Feb. 14, 2011 — -- After complications from surgery to remove a benign cyst near his brain and spine, 2-year-old Harrison Kothari seemed to be recovering well.
"He was supposed to get discharged the next day," said Shanoop Kothari, Harrison's father.
But on December 1, Harrison's organs began failing from acute bacterial meningitis. He died soon after.
"Nobody from the hospital could tell us how he got this rare bacteria, what caused it, it was a mystery," said Shanoop Kothari.
Harrison's death was a mystery to his family until they heard of a recall of the same brand of sterile alcohol pads used during his procedure, the kind used in many hospitals and doctors' offices.
Late yesterday the family sued the Triad Group, the largest makers of those pads, claiming gross negligence, according to Miranda Sevcik, a spokesperson for the lawfirm Perdue & Kidd, who represent the Kotharis family.
The parents' lawsuit states that the company issued an urgent voluntary recall of these products on January 3, citing "potential contamination" by a potentially life-threatening "objectionable organism."
That organism, bacillus cereus, can cause meningitis, the kind of infection that killed their son.
"We are, out of an abundance of caution, recalling these lots and revalidating our production lines to ensure that we are not the source of these contamination issues," the Triad Group wrote in their recall statement.
"There has been ONE report of a potential contaminant out of hundreds of millions of products sold," the Triad Group stated on their website.
"We know exactly what the bacteria was.
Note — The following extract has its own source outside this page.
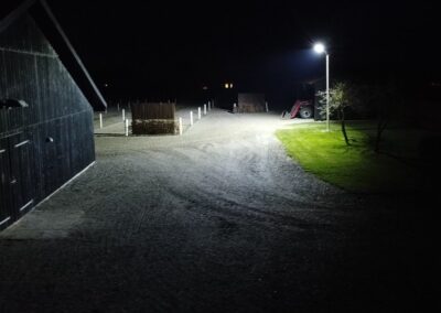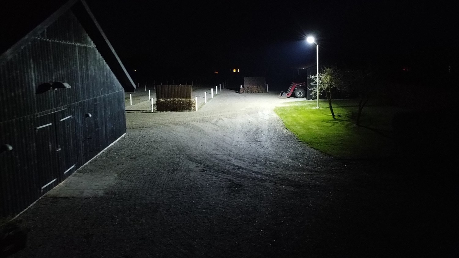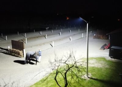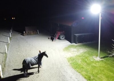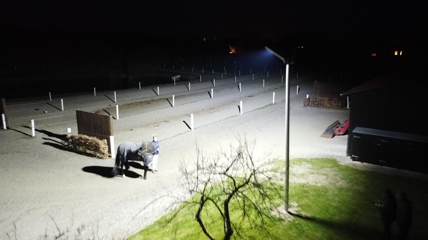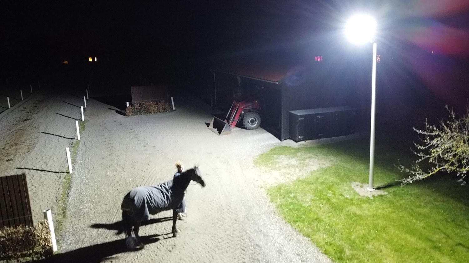 Det som har været det helt fantastiske i de mørke måneder , er at lampen let har kunne producere strøm nok via panelet eller med den medfølgende vindturbine, så mit behov har været dækket fuldt når jeg skulle bruge lyset til eksempelvis at trække hestene på fold, eller kom sent hjem om aftenen med heste som havde været til væddeløb, osv.

It's the same bacteria on these pads," said attorney Jim Perdue Jr., who represents the Kotharis family.
The Kotharis have no direct evidence the swabs used during their son's procedure were contaminated but believe they could have been because the recall went out just a month after Harrison died.
"Triad group owes no more basic responsibility than putting out a safe medical product," said Perdue.
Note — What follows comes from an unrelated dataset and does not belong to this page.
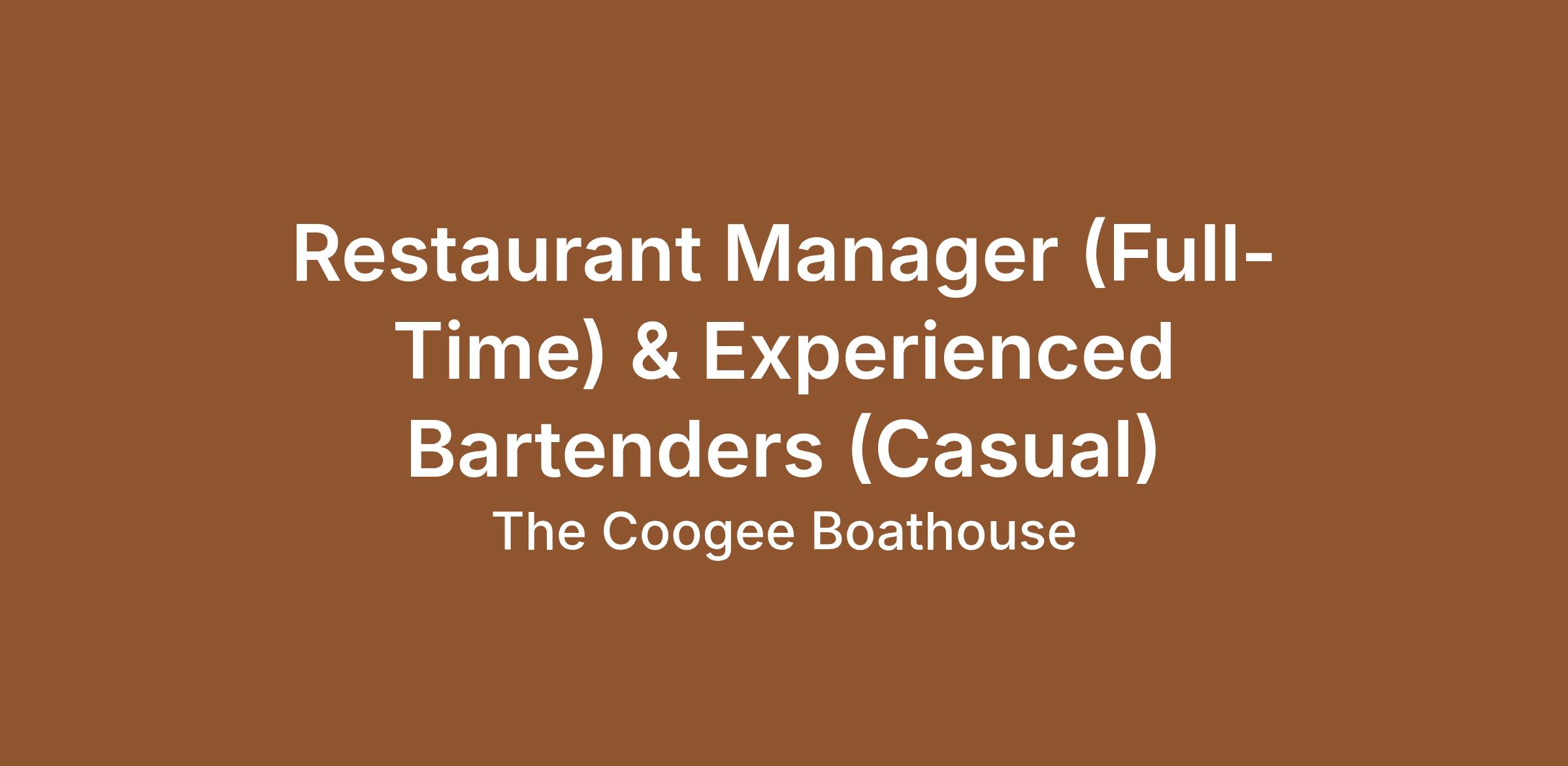 The Coogee Boathouse is looking for a strong full-time Restaurant Manager and experienced casual bartenders to join our high-energy, fast-paced team.

The FDA says the Triad Group followed all the right steps, notifying the FDA and quickly issuing a voluntary recall.
The FDA followed up with their own recall, noting that Triad Group products are sold under familiar generic labels.
"They could be potentially in everybody's home, in their bathroom, they have no idea. I wanna make sure that this doesn't happen to anybody else," said Sandra Kothari.
Triad alcohol prep products are included in pre-packaged pharmaceutical products used throughout the healthcare industry. Because of this, the FDA and many pharmaceutical companies have issued recalls for certain prepackaged pharmaceuticals containing Triad alcohol prep products. The only reason for these recalls is the potentially contaminated Triad alcohol prep product included in the package. The pre-packaged products include:
• Bayer HealthCare Pharmaceuticals for its Betaseron product
• GlaxoSmithKline for its ARIXTRA Starter Kits
• Genentech, Inc., a member of the Roche, for Boniva Injection, Fuzeon, Nutropin A.Q. Pen, Pegasys, and TNKase products
• Progenics Pharmaceuticals Inc. and Pfizer Inc. for its Relistor injection kits
• Merck & Co., Inc. for its Pegintron product
• Teva Pharmaceutical Industries for its Copaxone product
• Novaris Pharmaceuticals for its Extavia (interferon beta 1-b) product
• Watson Pharmaceuticals for its Trelstar product
• Neuro Resource Group, Inc. for its medical devices and products for injury management, rehabilitation, and pain management
The FDA recall was not a Class 1 recall, used for "dangerous or defective products that predictably could cause serious health problems or death," but a Class 2 recall, used for "products that might cause a temporary health problem, or pose only a slight threat of a serious nature."